All the lines below need retyping exactly, apart from the images.
-------- Raw data
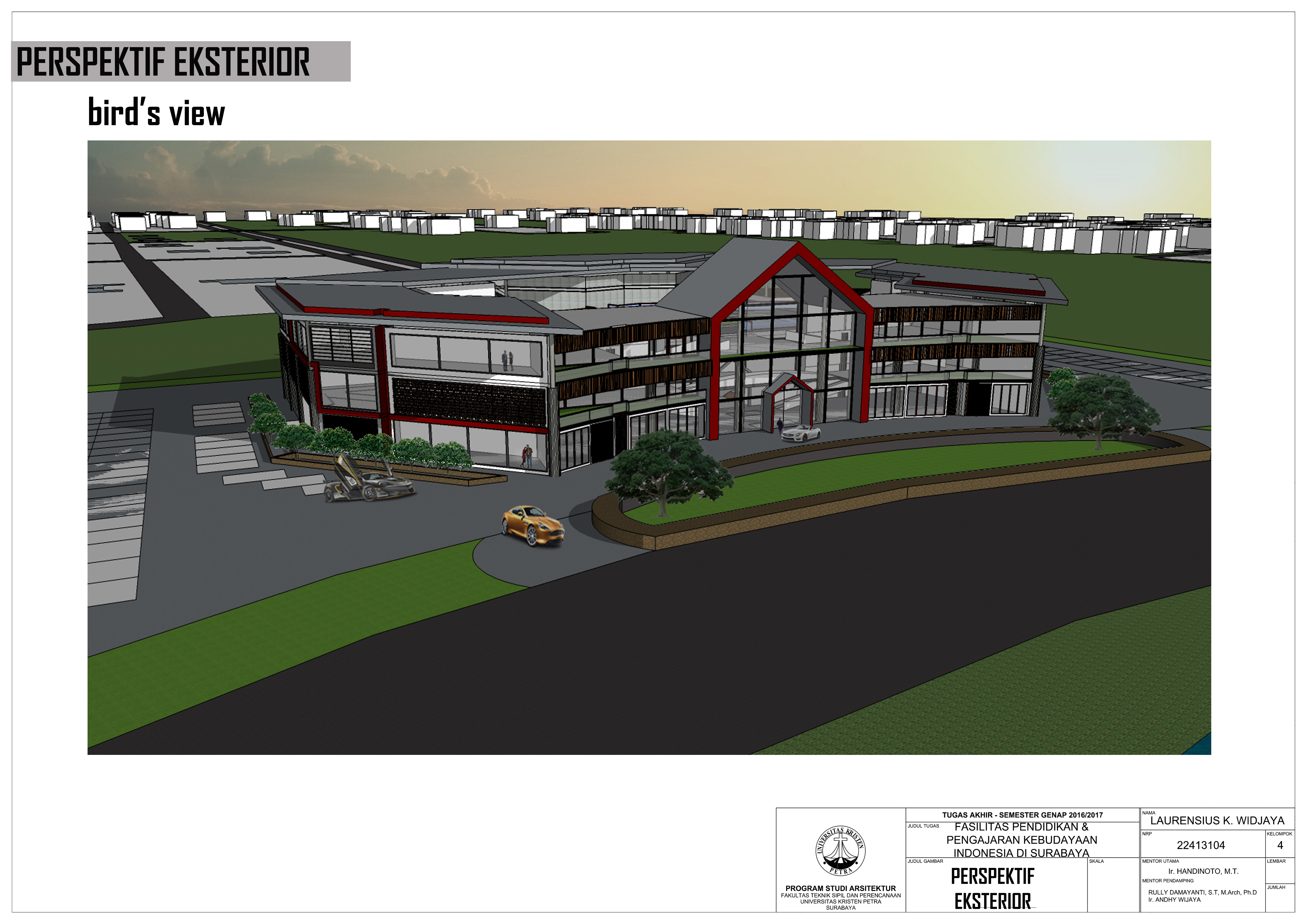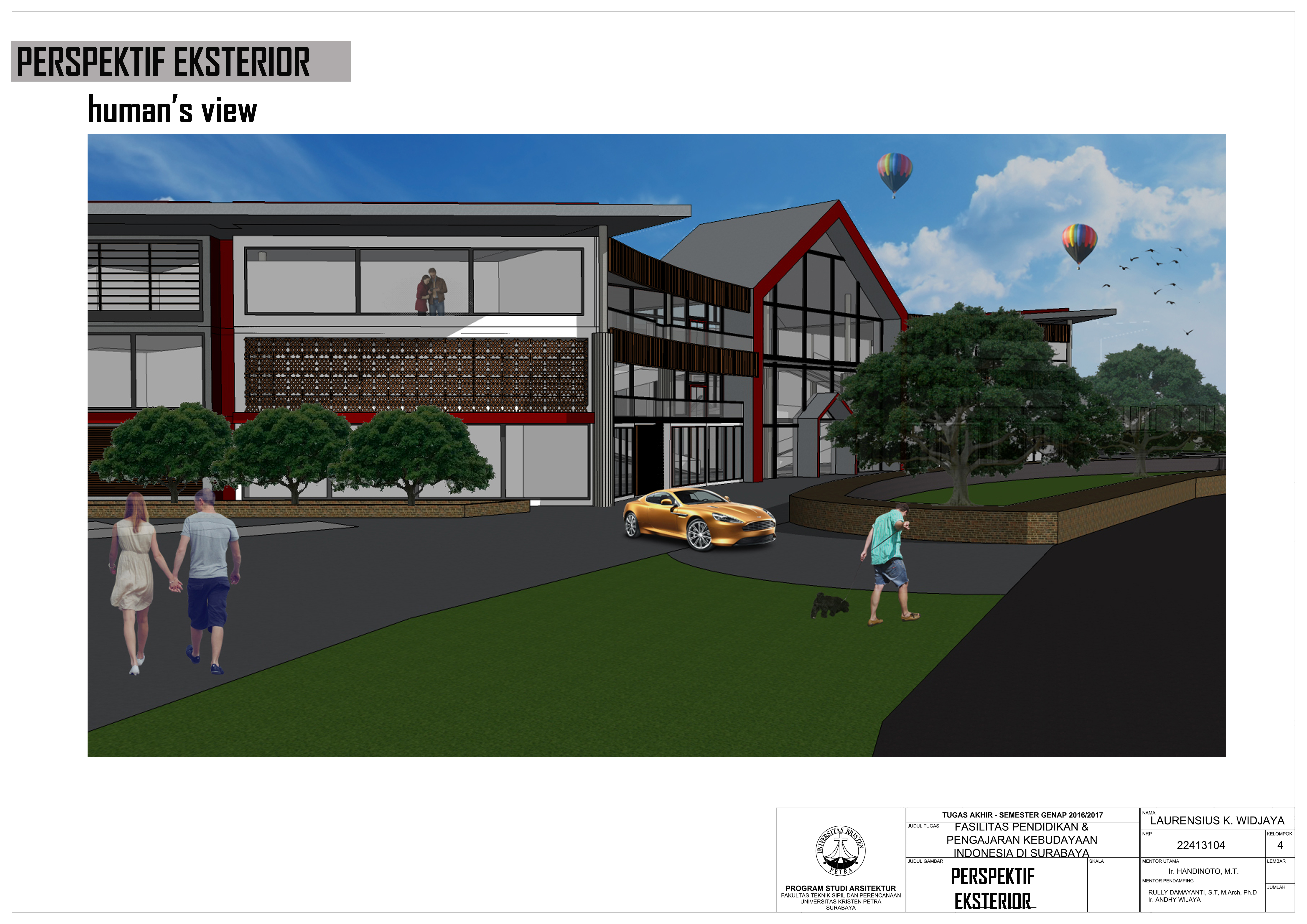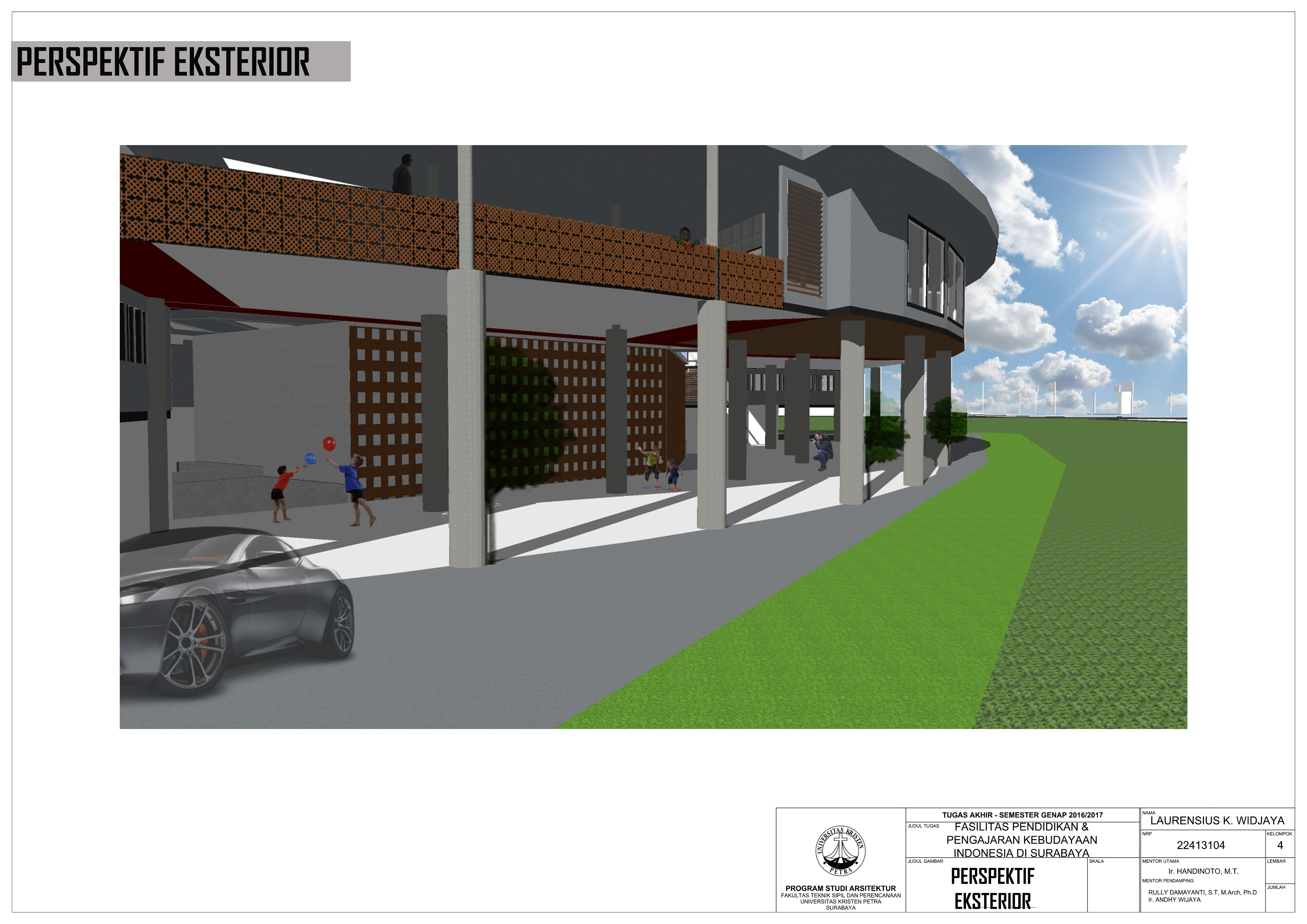 Fasilitas Pendidikan dan Pengajaran Kebudayaan Indonesia di Surabaya merupakan sebuah fasiitas untuk memberi wawasan tentang berbagai budaya yang ada di Indonesia. Serta ingin memberikan wawasan ulang mengenai kebudayaan yang sudah mulai ditinggalkan oleh masyarakat pada masa kini. Fasilitas ini juga dapat menjadi wadah bagi perkumpulan seniman-seniman untuk memamerkan karya-karyanya dengan tujuan agar masyarakat mengerti peranan dari budaya yang ada. Dengan ini, diharapkan agar masyarakat mau turut terlibat langusung dapat proses pembelajaran serta pelaksanaannya seperti disediakannya workshop di dalam fasilitas tersebut. Fasilitas ini akan dilengkapi fasilitas publik, yaitu commercial retail, communal space, entertainment center (ruang pameran indoor, ruang pameran terbuka, ruang multifungsi, dan perpustakaan), café/kantin, galeri, museum, souvenir shop, ruang audiovisual, ruang visual, ruang kinestetik, serta ruang diskusi. Pendekatan simbolik digunakan untuk memberikan area yang menarik sesuai dengan konsep yang ingin diterapkan yaitu, re-educate. Area tersebut diharapakan orang-orang dapat berinterkasi melalui area yang disediakan itu dengan pengertian bahwa belajar adalah suatu aktivitas yang tidak akan pernah berhenti dan belajar tidak hanya dilakukan secara individu tetapi dapat dilakukan secara bersama-sama.
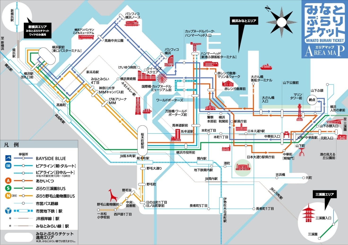 みなとみらい、山下エリア、元町、中華街や横浜赤レンガ倉庫といった有名スポットにアクセスできます。
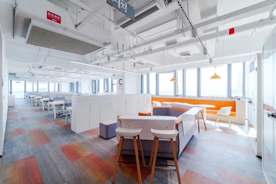 辦公室墻面采用多彩噴繪膜,結合今日頭條公司的企業文化,彰顯創新科技綠色建筑的人文關懷;地面采用膠地板鋪設,會議室等采用降噪的系統玻璃隔斷,給人一種簡潔、高雅、寧靜的感覺。
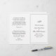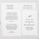 Programa de Casamento dobrado ao estilo tradicional com um simples design em preto e branco clássico com seu monograma no topo junto com seus detalhes de casamento cercados por uma fronteira. Todo texto está em um script elegante e pode ser alterado para qualquer cor que você desejar clicando no botão "personalizar". Estes Programas de Casamento dobrados com design de eterno são perfeitos para um casamento formal e são impressos em folhas de papel para uma opção econômica.
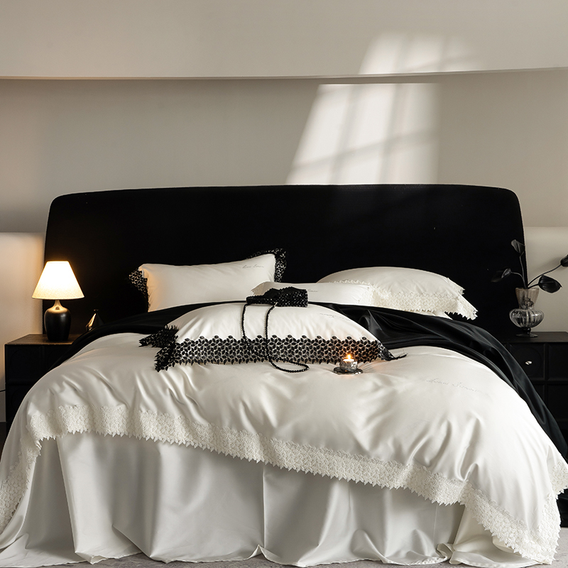 当前位置: 91家纺网 > 商品网购 > 床品套件 > 四件套 > 其它四件套 > 涞澳家纺 2025新款天丝棉花边款四件套--星娜系列 星娜-珍珠白(黑花边)
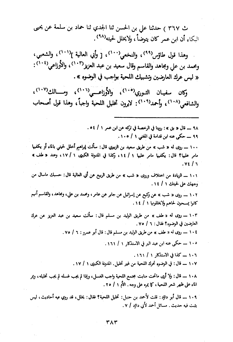 367 - حَدَّثَنَا عَلِيُّ بْنُ الْحَسَنِ، ثنا الْجُدِّيُّ، ثنا حَمَّادُ بْنُ سَلَمَةَ، عَنْ يَحْيَى الْبَكَّاءِ , أَنَّ ابْنَ عُمَرَ، كَانَ يَتَوَضَّأُ وَلَا يُخَلِّلُ لِحْيَتَهُ وَهَذَا قَوْلُ طَاوُسٍ وَالنَّخَعِيِّ وَأَبِي الْعَالِيَةِ وَالشَّعْبِيِّ وَمُحَمَّدِ بْنِ عَلِيٍّ وَمُجَاهِدٍ وَالْقَاسِمِ. وَقَالَ سَعِيدُ بْنُ عَبْدِ الْعَزِيزِ وَالْأَوْزَاعِيُّ: لَيْسَ عَرْكُ الْعَارِضَيْنِ وَتَشْبِيكُ اللِّحْيَةِ بِوَاجِبٍ فِي الْوُضُوءِ، وَكَانَ سُفْيَانُ الثَّوْرِيُّ وَالْأَوْزَاعِيُّ وَمَالِكٌ وَالشَّافِعِيُّ وَأَحْمَدُ لَا يَرَوْنَ تَخْلِيلَ اللِّحْيَةِ وَاجِبًا وَهَذَا قَوْلُ أَصْحَابِ -[384]- الرَّأْيِ وَعَوَامِّ أَهْلِ الْعِلْمِ يَرَوْنَ أَنَّ مَا مَرَّ عَلَى ظَاهِرِ اللِّحْيَةِ مِنَ الْمَاءِ يَكْفِي وَأَوْجَبَتْ طَائِفَةٌ بَلَّ أُصُولِ شَعْرِ اللِّحْيَةِ، وَأَوْجَبَ بَعْضُهُمْ غَسْلَ بَشْرَةِ مَوْضِعِ اللِّحْيَةِ، كَانَ عَطَاءُ بْنُ أَبِي رَبَاحٍ يَرَى بَلَّ أُصُولِ شَعْرِ اللِّحْيَةِ وَقَالَ سَعِيدُ بْنُ جُبَيْرٍ: مَا بَالُ الرَّجُلِ يَغْسِلُ لِحْيَتَهُ مِنْ قَبْلِ أَنْ يَنْبُتَ، فَإِذَا نَبَتَتْ تَرَكَهَا وَلَمْ يَغْسِلْهَا وَكَانَ أَبُو ثَوْرٍ يُوجِبُ الْإِعَادَةَ عَلَى مَنْ تَرَكَ غَسْلَ أُصُولِ الشَّعْرِ، وَكَانَ إِسْحَاقُ يَقُولُ: إِذَا تَرَكَ التَّخْلِيلَ عَامِدًا أَعَادَ. قَالَ أَبُو بَكْرٍ: غَسْلٌ مِنْ تَحْتِ شَعْرِ اللِّحْيَةِ فِي الْوُضُوءِ غَيْرُ وَاجِبٍ، إِذْ لَا حُجَّةَ تَدُلُّ عَلَى إِيجَابِ ذَلِكَ بَلِ الْخَبَرُ وَالنَّظَرُ يَدُلَّانِ عَلَى أَنَّ ذَلِكَ غَيْرَ وَاجِبٍ فَأَمَّا الْخَبَرُ فَقَدْ ثَبَتَ أَنَّ رَسُولَ اللهِ صَلَّى اللَّهُ عَلَيْهِ وَسَلَّمَ تَوَضَّأَ مَرَّةً مَرَّةً يَغْرِفُ غَرْفَةً لِكُلِّ عُضْوٍ
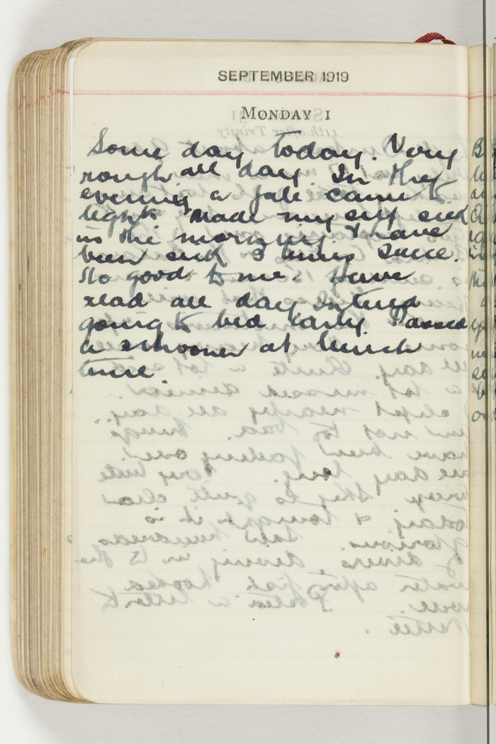 Some day today. Very rough all day. In the evening a gale came to light. Made myself sick in the morning & have been sick 3 times since. No good to me. Have read all day. Intend going to be early. Passed a schooner at lunch time.
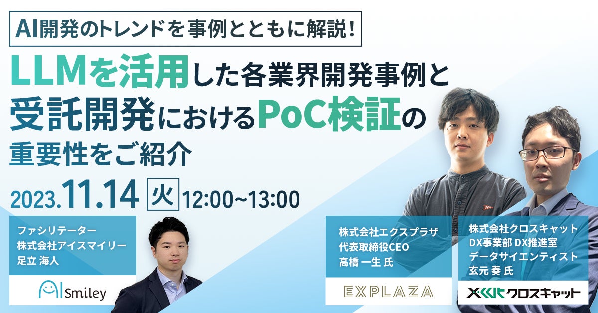 【11/14開催】AI開発のトレンドを事例とともに解説!~LLMを活用した各業界開発事例と受託開発におけるPoC検証の重要性をご紹介〜
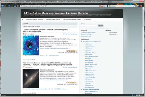 Если проект UniverTV ориентируется на пользователей с образовательными потребностями, то видеосервис «Документальные фильмы онлайн» носит в основном познавательный и развлекательный характер, что, впрочем, не умаляет его достоинств. Основа коллекции 1‑Film-Online — научно-популярные фильмы и видеолекции, причем направление в сторону «популярности» контента видно невооруженным глазом. Однако не стоит считать это недостатком — у проекта просто своя ниша. Доступно и увлекательно рассказать о современной науке — достаточно сложная задача.
----------------
**Task answer**
 Fasilitas Pendidikan dan Pengajaran Kebudayaan Indonesia di Surabaya merupakan sebuah fasiitas untuk memberi wawasan tentang berbagai budaya yang ada di Indonesia. Serta ingin memberikan wawasan ulang mengenai kebudayaan yang sudah mulai ditinggalkan oleh masyarakat pada masa kini. Fasilitas ini juga dapat menjadi wadah bagi perkumpulan seniman-seniman untuk memamerkan karya-karyanya dengan tujuan agar masyarakat mengerti peranan dari budaya yang ada. Dengan ini, diharapkan agar masyarakat mau turut terlibat langusung dapat proses pembelajaran serta pelaksanaannya seperti disediakannya workshop di dalam fasilitas tersebut. Fasilitas ini akan dilengkapi fasilitas publik, yaitu commercial retail, communal space, entertainment center (ruang pameran indoor, ruang pameran terbuka, ruang multifungsi, dan perpustakaan), café/kantin, galeri, museum, souvenir shop, ruang audiovisual, ruang visual, ruang kinestetik, serta ruang diskusi. Pendekatan simbolik digunakan untuk memberikan area yang menarik sesuai dengan konsep yang ingin diterapkan yaitu, re-educate. Area tersebut diharapakan orang-orang dapat berinterkasi melalui area yang disediakan itu dengan pengertian bahwa belajar adalah suatu aktivitas yang tidak akan pernah berhenti dan belajar tidak hanya dilakukan secara individu tetapi dapat dilakukan secara bersama-sama.
 みなとみらい、山下エリア、元町、中華街や横浜赤レンガ倉庫といった有名スポットにアクセスできます。
 辦公室墻面采用多彩噴繪膜,結合今日頭條公司的企業文化,彰顯創新科技綠色建筑的人文關懷;地面采用膠地板鋪設,會議室等采用降噪的系統玻璃隔斷,給人一種簡潔、高雅、寧靜的感覺。
 Programa de Casamento dobrado ao estilo tradicional com um simples design em preto e branco clássico com seu monograma no topo junto com seus detalhes de casamento cercados por uma fronteira. Todo texto está em um script elegante e pode ser alterado para qualquer cor que você desejar clicando no botão "personalizar". Estes Programas de Casamento dobrados com design de eterno são perfeitos para um casamento formal e são impressos em folhas de papel para uma opção econômica.
 当前位置: 91家纺网 > 商品网购 > 床品套件 > 四件套 > 其它四件套 > 涞澳家纺 2025新款天丝棉花边款四件套--星娜系列 星娜-珍珠白(黑花边)
 367 - حَدَّثَنَا عَلِيُّ بْنُ الْحَسَنِ، ثنا الْجُدِّيُّ، ثنا حَمَّادُ بْنُ سَلَمَةَ، عَنْ يَحْيَى الْبَكَّاءِ , أَنَّ ابْنَ عُمَرَ، كَانَ يَتَوَضَّأُ وَلَا يُخَلِّلُ لِحْيَتَهُ وَهَذَا قَوْلُ طَاوُسٍ وَالنَّخَعِيِّ وَأَبِي الْعَالِيَةِ وَالشَّعْبِيِّ وَمُحَمَّدِ بْنِ عَلِيٍّ وَمُجَاهِدٍ وَالْقَاسِمِ. وَقَالَ سَعِيدُ بْنُ عَبْدِ الْعَزِيزِ وَالْأَوْزَاعِيُّ: لَيْسَ عَرْكُ الْعَارِضَيْنِ وَتَشْبِيكُ اللِّحْيَةِ بِوَاجِبٍ فِي الْوُضُوءِ، وَكَانَ سُفْيَانُ الثَّوْرِيُّ وَالْأَوْزَاعِيُّ وَمَالِكٌ وَالشَّافِعِيُّ وَأَحْمَدُ لَا يَرَوْنَ تَخْلِيلَ اللِّحْيَةِ وَاجِبًا وَهَذَا قَوْلُ أَصْحَابِ -[384]- الرَّأْيِ وَعَوَامِّ أَهْلِ الْعِلْمِ يَرَوْنَ أَنَّ مَا مَرَّ عَلَى ظَاهِرِ اللِّحْيَةِ مِنَ الْمَاءِ يَكْفِي وَأَوْجَبَتْ طَائِفَةٌ بَلَّ أُصُولِ شَعْرِ اللِّحْيَةِ، وَأَوْجَبَ بَعْضُهُمْ غَسْلَ بَشْرَةِ مَوْضِعِ اللِّحْيَةِ، كَانَ عَطَاءُ بْنُ أَبِي رَبَاحٍ يَرَى بَلَّ أُصُولِ شَعْرِ اللِّحْيَةِ وَقَالَ سَعِيدُ بْنُ جُبَيْرٍ: مَا بَالُ الرَّجُلِ يَغْسِلُ لِحْيَتَهُ مِنْ قَبْلِ أَنْ يَنْبُتَ، فَإِذَا نَبَتَتْ تَرَكَهَا وَلَمْ يَغْسِلْهَا وَكَانَ أَبُو ثَوْرٍ يُوجِبُ الْإِعَادَةَ عَلَى مَنْ تَرَكَ غَسْلَ أُصُولِ الشَّعْرِ، وَكَانَ إِسْحَاقُ يَقُولُ: إِذَا تَرَكَ التَّخْلِيلَ عَامِدًا أَعَادَ. قَالَ أَبُو بَكْرٍ: غَسْلٌ مِنْ تَحْتِ شَعْرِ اللِّحْيَةِ فِي الْوُضُوءِ غَيْرُ وَاجِبٍ، إِذْ لَا حُجَّةَ تَدُلُّ عَلَى إِيجَابِ ذَلِكَ بَلِ الْخَبَرُ وَالنَّظَرُ يَدُلَّانِ عَلَى أَنَّ ذَلِكَ غَيْرَ وَاجِبٍ فَأَمَّا الْخَبَرُ فَقَدْ ثَبَتَ أَنَّ رَسُولَ اللهِ صَلَّى اللَّهُ عَلَيْهِ وَسَلَّمَ تَوَضَّأَ مَرَّةً مَرَّةً يَغْرِفُ غَرْفَةً لِكُلِّ عُضْوٍ
 Some day today. Very rough all day. In the evening a gale came to light. Made myself sick in the morning & have been sick 3 times since. No good to me. Have read all day. Intend going to be early. Passed a schooner at lunch time.
 【11/14開催】AI開発のトレンドを事例とともに解説!~LLMを活用した各業界開発事例と受託開発におけるPoC検証の重要性をご紹介〜
 Если проект UniverTV ориентируется на пользователей с образовательными потребностями, то видеосервис «Документальные фильмы онлайн» носит в основном познавательный и развлекательный характер, что, впрочем, не умаляет его достоинств. Основа коллекции 1‑Film-Online — научно-популярные фильмы и видеолекции, причем направление в сторону «популярности» контента видно невооруженным глазом. Однако не стоит считать это недостатком — у проекта просто своя ниша. Доступно и увлекательно рассказать о современной науке — достаточно сложная задача.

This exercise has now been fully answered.